2. Foreign Investors (FII's) Pulling Out Funds - Again, this is a direct result of the previous point "The Global Economic Scenario". Due to turbulence in the markets world wide, foreign investors have pulled out lakhs of crores worth money from the Indian Stock Markets, which has not helped the Indian Markets.

3. Local Investor Sentiment - Again, this is also due to the "Global Economic Scenario". Due to the turbulents in the markets world wide, Indian Investors have panicked and begun selling off their investments and moving over to more secure investments like Bank Deposits, Gold and Real Estate. This coupled with the FII's pulling out funds, has made the BSE Sensex tank over 2000 points when compared to the same time last year (December 2010)
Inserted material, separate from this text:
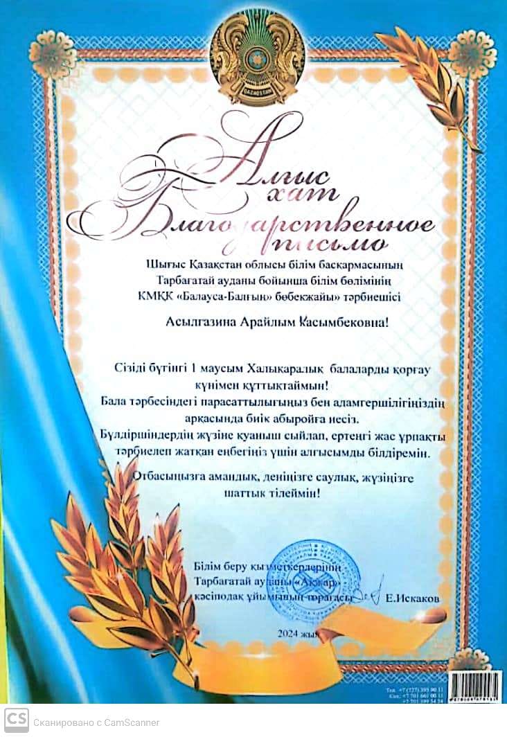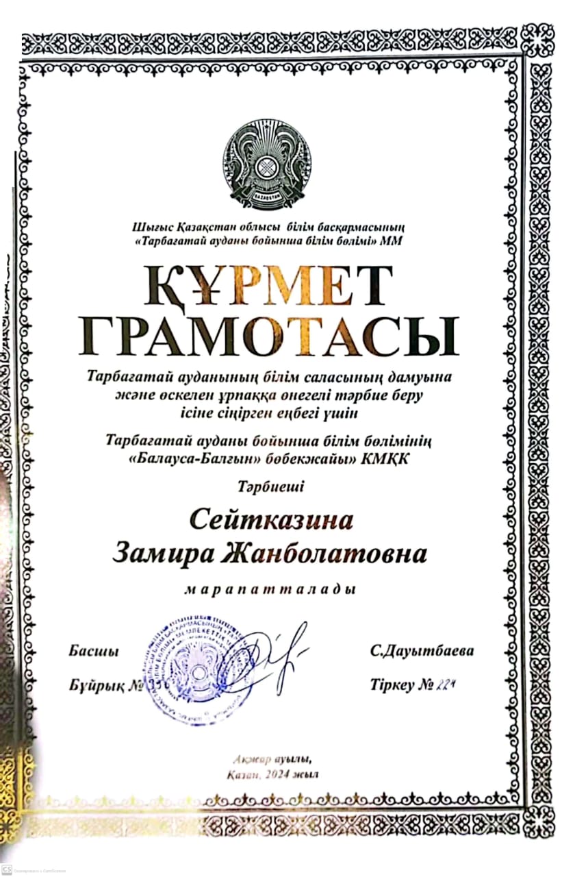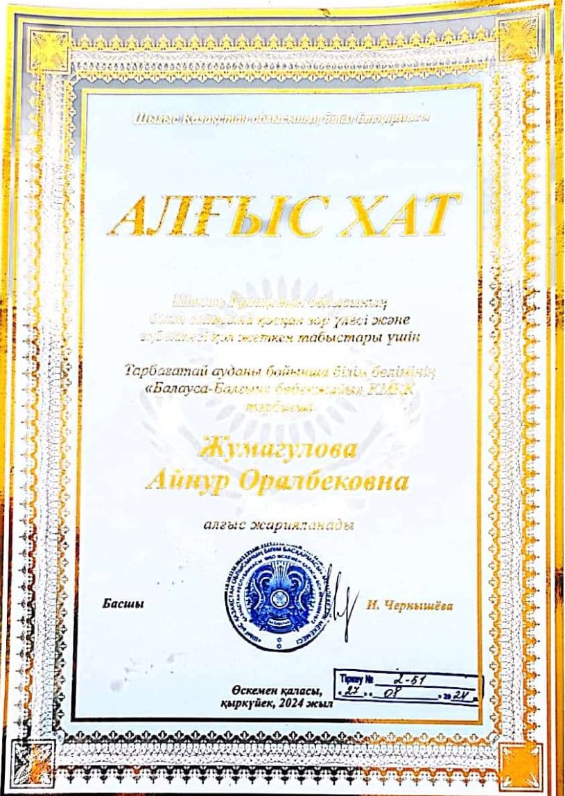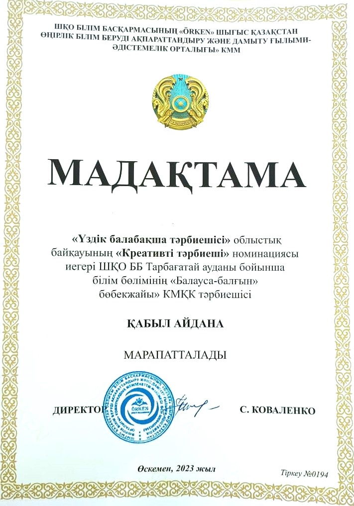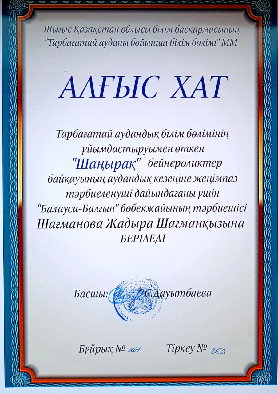 Шағманова Жадыра Шағманқызы Республикалық «Мен зерттеушімін» кезеңіне белсене қатысып, жеңімпаз дайындағаны үшін ШҚО білім басқармасының «Orken» Шығыс Қазақстан өңірлік білім беруді ақпараттандыру және дамыту ғылыми-әдістемелік орталығы» КММ-нің директоры С.Коваленконың алғыс хат....

4. Indian Currency Depereciation - As you may have read in my previous post Is the Indian Currency Rupee Depreciation against the US Dollar Good or Bad? the Indian Rupee has depreciated significantly against the US dollar over the past few weeks. Just 6 months ago, One USD was worth around 45 Indian Rupees and now it is worth more than 52 rupees. Though the Indian market capitalization in terms of rupees has fallen, the fall in value of the Indian Rupee has further aggravated the situation because, the market capitalization has to go up by a further 7 rupees to catch up every dollar to meet the 1 Trillion Mark.

What is the Current Market Capitalization?

As of 20th December 2011, the Market Capitalization of BSE Sensex was Rs 5260441 crores. As you can see from just a few paragraphs away, the total market cap must be atleast 5280000 crores in order to touch the 1 Trillion Mark.

Will the Indian Market Regain the Prestigious 1 Trillion Dollar Tag?

Yes. This is not the end of the road. The Indian Stock Market has lost over 20 lakh crores (2000000 crores) over the past year. If you add this to the current market capitalization of 5260441 crores we get over 72 lakh crores and that is more than sufficient to regain the Trillion Dollar Tag.

Due to the year end bull run (Yes, this happens almost every year. During christmas & new year, markets worldwide go through a rally that see's a hike in market value due to the holiday sentiment) which may happen this year too, if the stock market regains around 500 odd points, I am sure the Indian Market will regain its tag of "A 1 Trillion Dollar Market".

Lets keep our fingers crossed and hope for the best.

Happy Holidays Everyone!!! Lets hope that the New Year will bring in good news for the markets worldwide and bring a smile in the face of every investor!!!